LALInference [20]. Tidal effects are not included in this waveform model, but this is not expected to affect the results presented below, since the polarization test is sensitive to the antenna pattern functions of the detectors and not the phase evolution of the signal, as argued above.

If the sky location of GW170817 is constrained to NGC 4993, we find overwhelming evidence in favor of pure tensor polarization modes in comparison to pure vector and pure scalar modes with a (base ten) logarithm of the Bayes factor of+20.81±0.08 and+23.09±0.08 respectively. This result is many orders of magnitudes stronger than the GW170814 case both due to the sky position of GW170817 relative to the detectors and the fact that the sky position is determined precisely by electromagnetic observations. Indeed if the sky location is unconstrained we find evidence against scalar modes with +5.84±0.09, while the test is inconclusive for vector modes with+0.72±0.09. From this analysis, we also see that only the tensor hypothesis is consistent with the location of the electromagnetic counterpart (Fig. 6.7).

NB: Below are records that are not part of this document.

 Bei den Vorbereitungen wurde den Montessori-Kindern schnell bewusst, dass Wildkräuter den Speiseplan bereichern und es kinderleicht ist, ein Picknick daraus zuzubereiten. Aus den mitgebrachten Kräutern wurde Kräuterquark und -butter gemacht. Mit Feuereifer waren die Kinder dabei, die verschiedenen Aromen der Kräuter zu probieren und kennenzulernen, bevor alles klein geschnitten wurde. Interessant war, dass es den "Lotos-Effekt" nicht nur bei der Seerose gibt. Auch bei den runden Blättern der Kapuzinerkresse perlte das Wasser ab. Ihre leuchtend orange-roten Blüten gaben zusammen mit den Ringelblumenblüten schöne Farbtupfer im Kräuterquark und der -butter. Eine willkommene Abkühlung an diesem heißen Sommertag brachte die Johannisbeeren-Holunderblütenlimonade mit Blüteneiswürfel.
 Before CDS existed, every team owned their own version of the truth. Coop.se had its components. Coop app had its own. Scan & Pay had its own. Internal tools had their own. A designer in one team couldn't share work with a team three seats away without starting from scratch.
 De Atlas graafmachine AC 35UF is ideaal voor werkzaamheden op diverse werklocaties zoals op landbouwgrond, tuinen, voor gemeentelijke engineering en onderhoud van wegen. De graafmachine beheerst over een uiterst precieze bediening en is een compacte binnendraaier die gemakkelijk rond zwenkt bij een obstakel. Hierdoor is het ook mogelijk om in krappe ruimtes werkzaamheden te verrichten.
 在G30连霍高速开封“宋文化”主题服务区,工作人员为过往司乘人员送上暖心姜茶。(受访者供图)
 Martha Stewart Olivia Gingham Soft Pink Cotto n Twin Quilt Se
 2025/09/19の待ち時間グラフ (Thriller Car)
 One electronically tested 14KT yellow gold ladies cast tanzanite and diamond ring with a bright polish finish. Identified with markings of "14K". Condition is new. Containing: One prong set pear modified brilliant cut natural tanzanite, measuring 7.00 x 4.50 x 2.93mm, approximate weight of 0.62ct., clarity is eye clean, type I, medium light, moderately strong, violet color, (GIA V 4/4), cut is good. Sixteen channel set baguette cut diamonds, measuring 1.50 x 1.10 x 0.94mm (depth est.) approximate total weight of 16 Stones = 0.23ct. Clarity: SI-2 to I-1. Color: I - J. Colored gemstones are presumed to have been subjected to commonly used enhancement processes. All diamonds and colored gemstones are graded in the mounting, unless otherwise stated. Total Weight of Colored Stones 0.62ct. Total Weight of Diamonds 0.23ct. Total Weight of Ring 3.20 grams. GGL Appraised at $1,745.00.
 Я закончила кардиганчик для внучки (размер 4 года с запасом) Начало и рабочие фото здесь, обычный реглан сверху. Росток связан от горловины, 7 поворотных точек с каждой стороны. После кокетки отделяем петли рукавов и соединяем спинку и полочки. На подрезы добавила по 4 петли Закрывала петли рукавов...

The above results are to be expected given the marked difference in the network’s sensitivity to signals with different polarizations in the direction of GW170817 (with respect to the network at the time of arrival). This is demonstrated by Fig. 6.8, which shows the location of NGC 4993 (cyan star) over each detector’s effective response to tensor, vector or scalar signals (color). For the purpose of this figure, we define the “effective response” as the quadrature sum of the antenna patterns for each polarization of a given helicity evaluated at a given sky location [see Eqs. (5.23)–(5.25)]. This figure suggests that, had GW170817 been purely scalar or vector, the detectors would have measured drastically different relative amplitudes.

In particular, the signal would not have been measured loudly in the LIGO detectors and not at all in Virgo, as it was.